During evolution the brain has selected glucose as a main source of metabolic energy. This has imposed homeostatic and behavioral constraints. First, the glycemic levels must be maintained at a minimum of ~5 mM to ensure constant energy supply to the brain. Second, a high reward value has to be attributed to glucose-containing foods to increase the motivation to obtain them. These homeostatic and hedonic regulations depend on glucose sensing cells and neuronal circuits in the central nervous system. These cells and circuits regulate the activity of the sympathetic and parasympathetic nerves, which control the function of peripheral organs (liver, fat, muscles) and the secretion of glucagon and insulin by pancreatic islet cells. They also attribute a reward value to glucose-containing foods to control food-seeking behavior, a process that involves the mesolimbic dopaminergic system. Here, we will focus on three interrelated aims:
1. Identify the physiological role of glucose sensing neurons of the ventromedial hypothalamic nucleus (VMN, a key feeding and glucoregulatory center) in glucose homeostasis and food preference; identify their cellular diversity and their molecular make-up; and characterize their deregulations in metabolic diseases.

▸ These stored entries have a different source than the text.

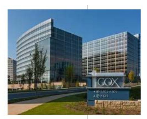
Holder Construction Company Cox C-Tech Office Building Atlanta Also earned First Place in Best Sustainable Building Practices Division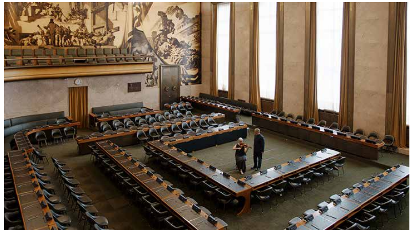
Jasmina Cibic, The Gift , 2021 [film still] Three-channel HD colour video, stereo Courtesy of the artist © Adagp, Paris, 2021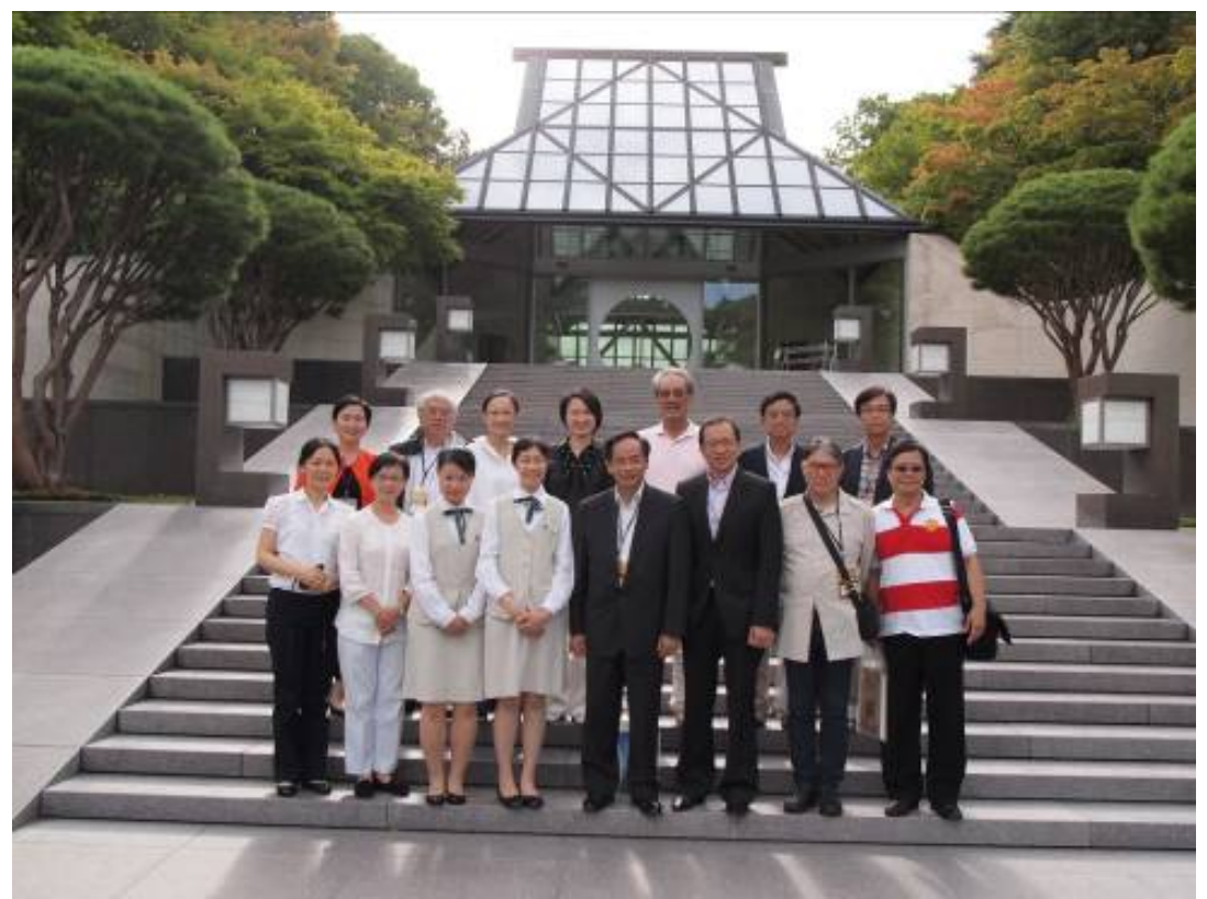
Group photo of the delegation at the Miho Museum.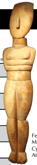
Female figurine 5, Museum of Cycladic Art, Athens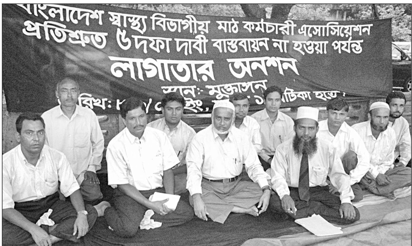
Health Department employees continue their hunger strike at Muktangan in the city yesterday to press their five-point demand.

The six stations are Dhaka, Tejgaon, Dhaka Cantonment, Biman Bandar, Tongi and Dirasram.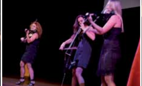
Violin trio, Inflagranti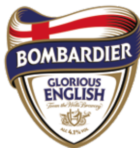
BOMBARDIER ABV 4.1% Charles Wells, Bedford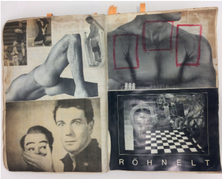
Figure 5 Hudinilson Jr., Caderno de referências XVII . 1980/2000s. Photographic prints, newspaper and magazine cutouts, photocopies and documents on paper. Unique. 23 × 32,5 × 10 cm (closed).

the 1960s and 1980s, ALBUM reflects in retrospect on the popular imagery present in Scandinavian households during that period. It offers a refined and sharp meta-narrative on the human body, sexuality, and social life of images that shows how the media act and create stereotypes and, at the same time, how the reader can transform these streams of information into elements of cultural critique [figs 7-8]. Scrapbooking, habitually used to reframe the present, becomes a propaedeutic tool for a mocking and biting, but no less serious, rereading of cultural history. Indeed, the hilarity that exudes from the pages of the fanzine takes no time to reveal itself for what it actually is: a sincere and superficial questioning of a series of taboos and clichés on which Scandinavian, and more generally, European culture has been culturally and sexually erected. The chosen images are neatly displayed, always in their entirety and never overlapping, and the reading is organised into a series of heavy themes expressed in the form of ironic questions, such as “on heterosexuality, or why does the gay version always look better?” Or “on the condition of the lonely man and his search for meaning and love” [fig. 9].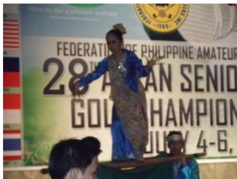
Filipino cultural show during the welcoming ceremony

flew direct to Clark while the group travelling by MAS had to travel for almost two hours by coach from Manila to Clark escorted all the way by a traffic police car.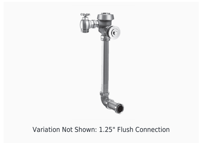
Variation Not Shown: 1.25" Flush Connection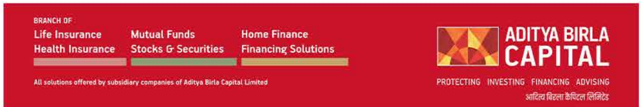
Aditya Birla Capital Branch Fascia Design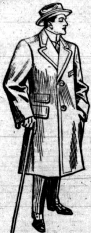
Brandegee, Kincaid & Co. Clothes.

IS IT PERPLEXING TO SELECT SUITABLE GIFTS FOR THE MENFOLKS?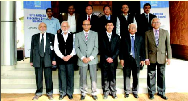
Group Photo of 57th Executive Board Meeting at Dhaka, Bangladesh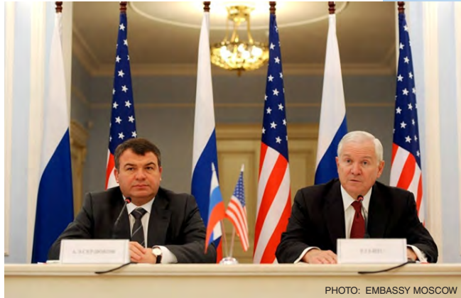
March 2011: Secretary Gates and Minister Serdyukov chair a meeting of the Working Group in Moscow.

The Defense Relations Working Group provides an unprecedented opportunity to conduct open discussion and share information on a broad range of issues and strengthen defense and military cooperation. Receiving senior-level support, the sub-working groups have made significant progress towards increased mutual understanding between military establishments and facilitated positive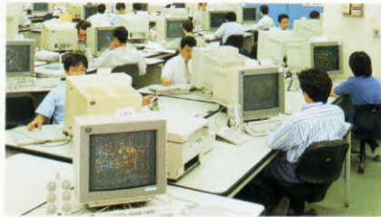
Computer aided design

Creative vision and flexible planning are the keys to Daihatsu's ability to continually create new vehicles that respond to today's diverse lifestyle needs. Our high level of technology is the key to giving a marketable form to this vision. At the same time, we place great emphasis on creating the safest vehicles possible. Strict testing at highly advanced facilities helps assure that each of our vehicles stands out for both safety and quality.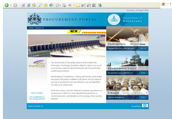
Fig 1 Home page of e-Procurement portal

The bidder can pay the EMD and tender transaction using any of the following payment modes in the e-Procurement portal: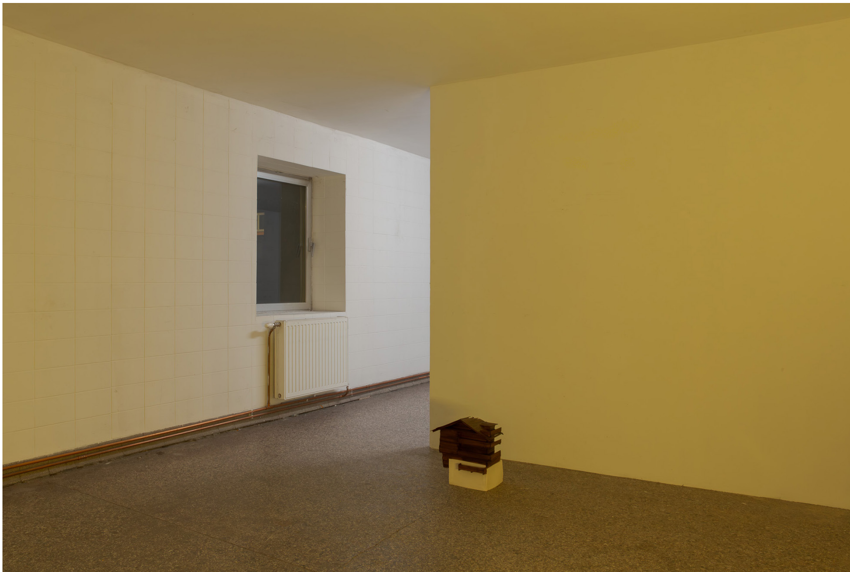
Heilige Freiheit, 2009 | Sigggi Hofer two house models, wood, stain, lacquer, fired clay, e. 40 × 30 × 30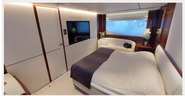
Princess X80 PERLA master cabin full beam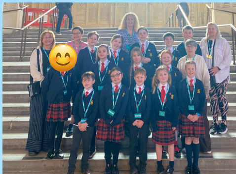
Our amazing school councillors represented St. Matthew's on a visit to the Houses of Parliament last Friday!

Huge congratulations to our year 5 boys who represented Prudhoe Hawks and won their Winter football tournament last weekend!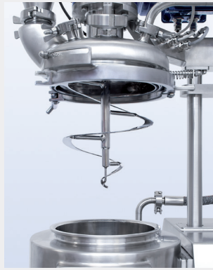
VST: EKATO Solids-PARAVISC

As a special feature, almost all available impellers can be provided on demand, including but not limited to double helix, archimedes screw and hydrofoil liquid impellers.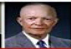
34 th DWIGHT D. EISENHOWER (1953-1961)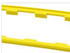
Seals, rape yellow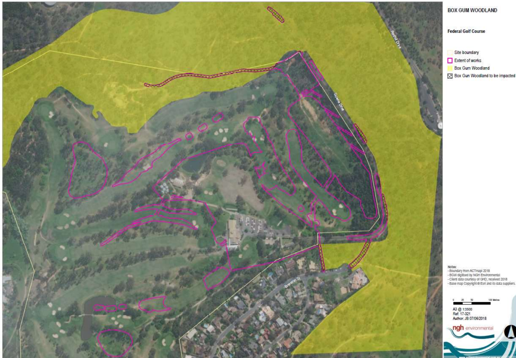
Figure 4 Extent of Box Gum Woodland TEC impacted by proposed works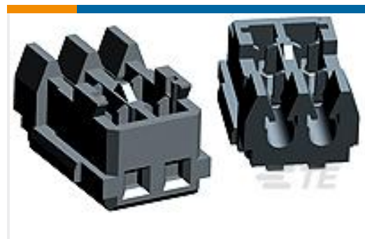
TE Part #353293-6 MINI CT MT REC ASSY 6P GRAY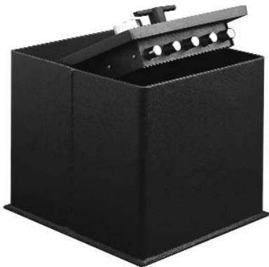
SUPER BRUTE Model B1500

You may also add many options to customize your safe, such as: a drop slot in the door, depository chute, digital keypad lock and keylocking dial to name a few. BRUTE Series safes may be installed in the floor, wall, cladding, or within a larger safe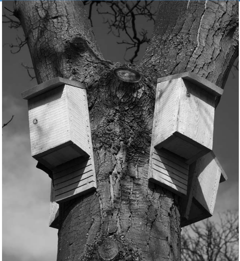
Putting up a bat house creates needed bat roosting sites for these beneficial insect-eaters and does not have to be an eyesore.

Bats are an important part of many ecosystems. Bats pollinate flowers, help to keep insect populations at manageable levels, and provide excellent opportunities for public education. Putting up a bat box offers bats a place to roost or rear their young. However, it is difficult to attract bats to an area if they are not already present in nearby woodlands, caves, or man-made structures. Bats normally return to the roost where they were born. However construction and loss of habitat may cause local bats to seek new homes. When you are outside at dusk, observe the sky for "birds" that flap their wings quickly, fly slowly and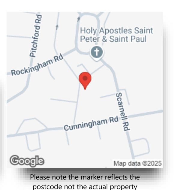
view this property online williamhbrown.co.uk/Property/UNR106026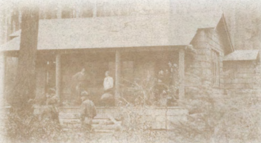
Kitsap Cabin – Circa 1922

Thanks to the generosity of people like you, we are nearing completion of Phase I of the restoration of Kitsap Cabin, which includes: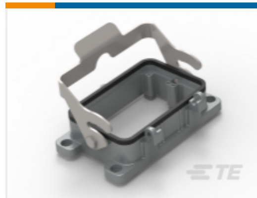
TE Part #T1500482000-000 H48B-AG-LB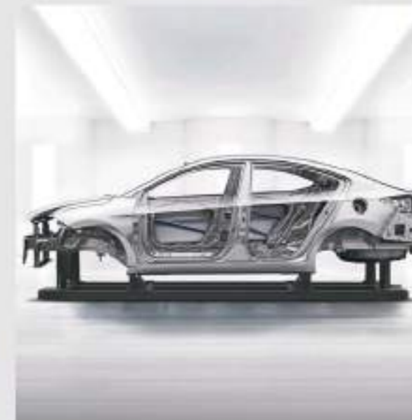
High Strength Steel Extended application of Ultra High Tension Steel Plate reinforces chassis rigidity.

The highest convenience in the class is provided by new technologies related to advanced riding safety, such as the Dual SRS Airbags.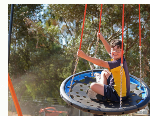
Swings set and Basket swing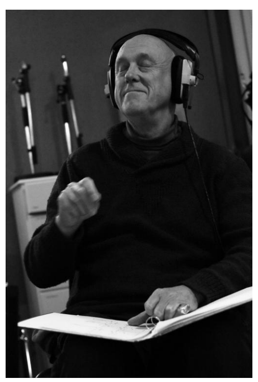
It looks as if it was going well at this point...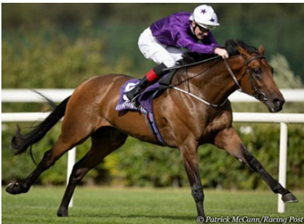
Hill Road has been listed as the 5/2 second choice in the Peter Pan Stakes on Saturday.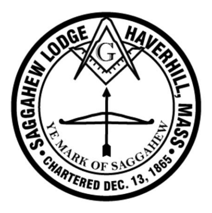
111 Merrimack Street Haverhill, Essex 01830

Saggahew Lodge has been and still is a great example of how freemasons should meet. Our ritual is exceptional, our membership is stable, our attendance good and our doors are always opens to visiting brethren. We look forward to another 150 years.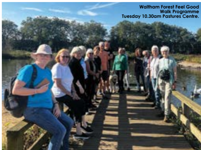
Waltham Forest Feel Good Walk Programme Tuesday 10.30am Pastures Centre.

You can learn to knit or crochet or just take along something on which you are already working.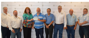
East Montgomery County Historical Society, $11,000

The Board of Directors presented checks at its June 24 and July 9 regular meetings to those organizations that were approved for Community Development Grants. Grants are funded twice a year to governmental entities, non-profit corporations and other organizations for projects that improve the quality of life for residents in East Montgomery County.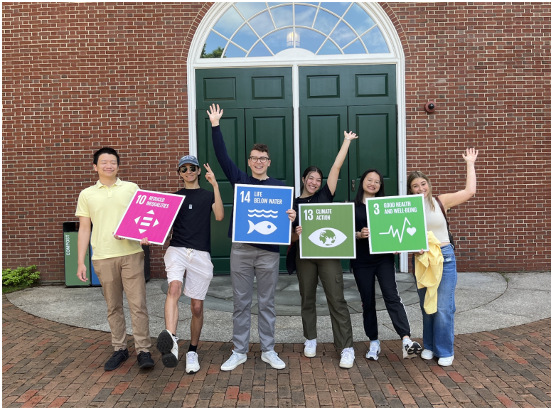
Summer interns on one of the final days of the Summer Institute in Global Leadership

ClassACT HR73 bridge United Nations Association of Greater Boston , participated in Harvard's Global Day of Service on September 1, 2023. They had eight Harvard undergraduate volunteers who provided posts on social-media sites and wrote 22 country profiles. The profiles will be used in their upcoming Greater Boston Model UN Conference at Suffolk Law School in early October and will support students engaging in the Model UN Conference focusing on the topic set forth by the UN's Human Rights Council to Model UNs around the world .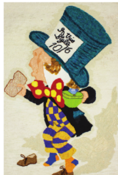
Alice’s Adventures in Wonderland hooked rug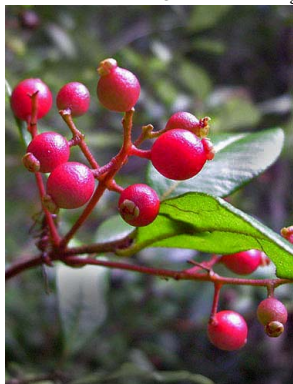
21 Myrcia guianensis

©Environmental & Conservation Programs, The Field Museum, Chicago, IL USA. [rrc@fieldmuseum.org] [http://fieldmuseum/IDtools] Rapid Color Guide #292 version 2 07/2011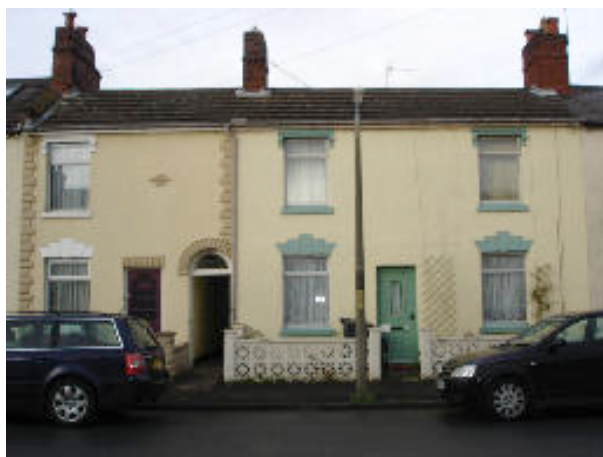
Nos 16 & 17, of which 17 appears on the 1841 Census, and No 16 was added later.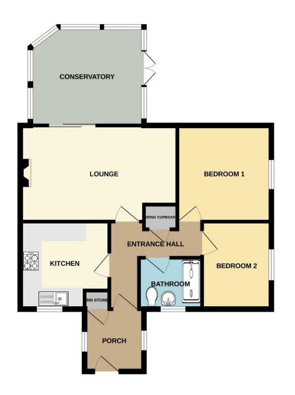
GROUND FLOOR 681 sq.ft. (63.3 sq.m.) approx.

A luxury shower room having a fitted 1700mm shower tray with a glass screen and a thermostatic bar shower over, a vanity unit houses the wash basin and there is a close coupled toilet. Double glazed window.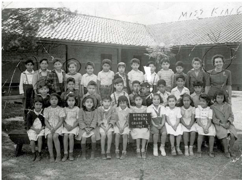
Figure 2. Ramona Elementary Class photo, 1947. San Bernardino, CA, (Courtesy of Manuel Delgado).

subjects” and “vocational opportunities [might] open [them to] become interested in remaining in school in order to make furniture or cook and sew.” 32 Gilbert Gonzales has also noted that educators who advocated segregation supported vocational training that could Americanize the children in a controlled cultural and linguistic atmosphere and train them for occupations that Anglos considered best suited for them. 33 Ramona Elementary offers an example of the effort to provide vocational training in a segregated environment.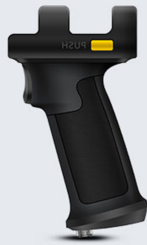
RB-C61-PS Snap-On Trigger Handle, use with optional pistol battery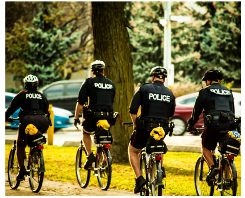
The Toronto Police Service's Emergency Management and Public Order unit is responsible for public safety and situational management, as well as search management, public order and explosive disposal.

Furthermore, the use of RPAS to deliver live high-definition video feeds is extremely bandwidth-intensive — even a partial signal failure can render a unit useless.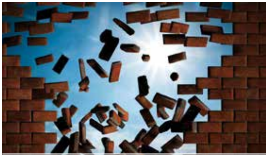
THE DISCLOSURE - V10-12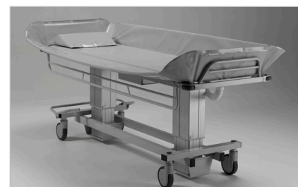
Side rails swing down or lock in horizontal position for transfer and up position for safe transport.

The side rails keep the person safely in place. Side rails swing down for transfer and lock into up position for person security and a secure transport. The trolley has central foot operated castor brakes and straight steering. The stretcher has two positions, flat for transfer and tilt for transport, shower and improved drainage. TR 4200 is delivered with mattress, high capacity rechargeable batteries, hand control, drain plug and hose.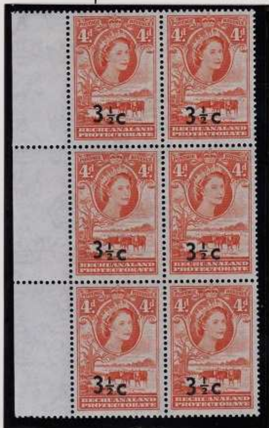
VARIETY = RAISED '3' IN VERTICAL ROW 1. ALSO NOTE VARYING WIDTHS OF SURCHARGES.

ONE PRINTING WAS MADE ON 3301 SHEETS (198060 STAMPS); ISSUED ON 6 TH JUNE 1961.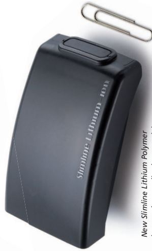
New Slimline Lithium Polymer battery (paper clip shows scale)

Our new Slimline Lithium Polymer battery weighs only 53 grams and is as light and as small as the new mini iPod.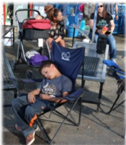
This Black Butte member found that when your day begins at 5:30, a nap is on the agenda.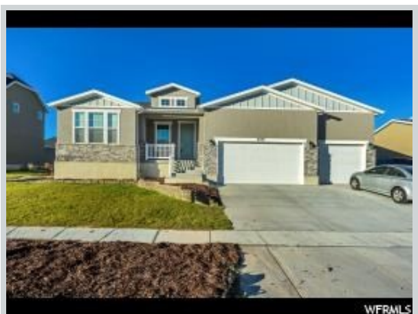
Sold Comp 3 6037 Elizabeth View Other

Address 5520 Windsor Way, Stansbury Park, UT 84074 Loan Number 36847 Suggested List $330,000 Suggested Repaired $330,000 Sale $330,000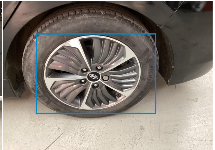
2. Rim / Back Left Out of Bodywork / Scratch -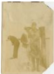
On the dock (MS 0084-01-01-008)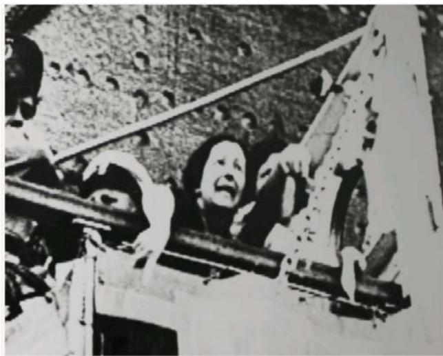
A woman cries as the St. Louis pulls away from Havana, 1939. | Keystone-France via Getty Images

Source: "Map Showing the Voyage of the St. Louis, May 13-June 17, 1939.", American Jewish Joint Distribution Committee Archives, "The Story of the S.S. St. Louis (1939)"; http://archives.jdc.org/educators/topic-guides/the-story-of-the-ss-st.html (Last visited February 5, 2017).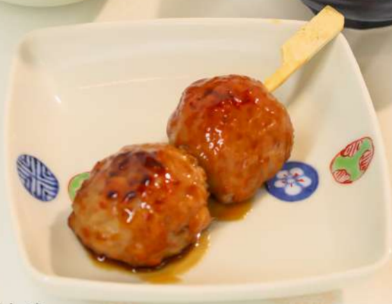
炉端鶏つくね串 Robata chicken spheres in teriyaki sauce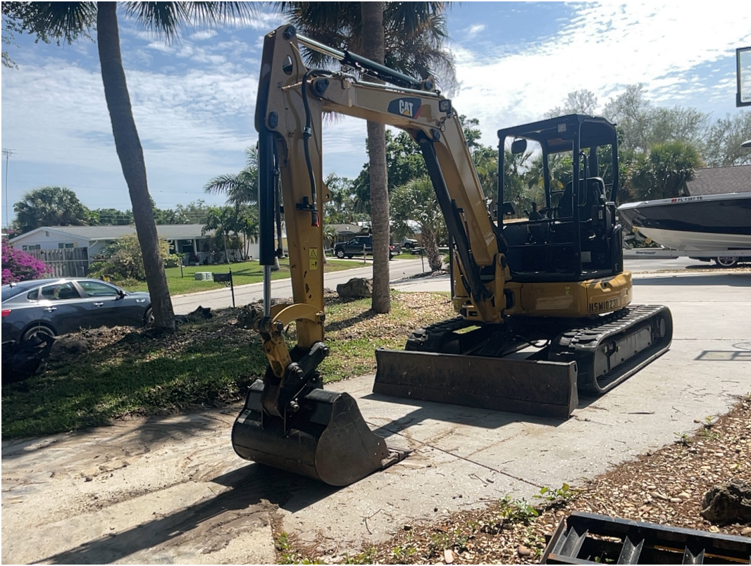
Front Left / 04-04-2024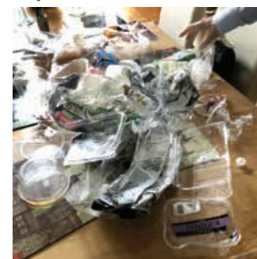
More than expected: Maxine's haul

In normal circumstances, I take my own bag and buy fruit and vegetables locally and only need a plastic bag for a very few items that may get squashed. But I can afford to buy from a green grocer. When I go into a supermarket I can see that the same items in plastic punnets or in plastic bags are much cheaper.

2. Characterize the molecular physiology of glucose sensing neurons of the paraventricular thalamus, which modulate the activity of the mesolimbic dopaminergic system to control motivated sucrose-seeking behavior; determine their control by other interoceptive signals, including from glucose sensing cells of the VMN.
3. Establish new molecular approaches to characterize, at the molecular and functional levels, the impact of early postnatal nutrition on the development and function of central glucose sensing cells in the control of adult animal physiology.
These studies will open-up new perspectives in the understanding of homeostatic and hedonic regulatory pathways, which preserve metabolic health over a lifetime.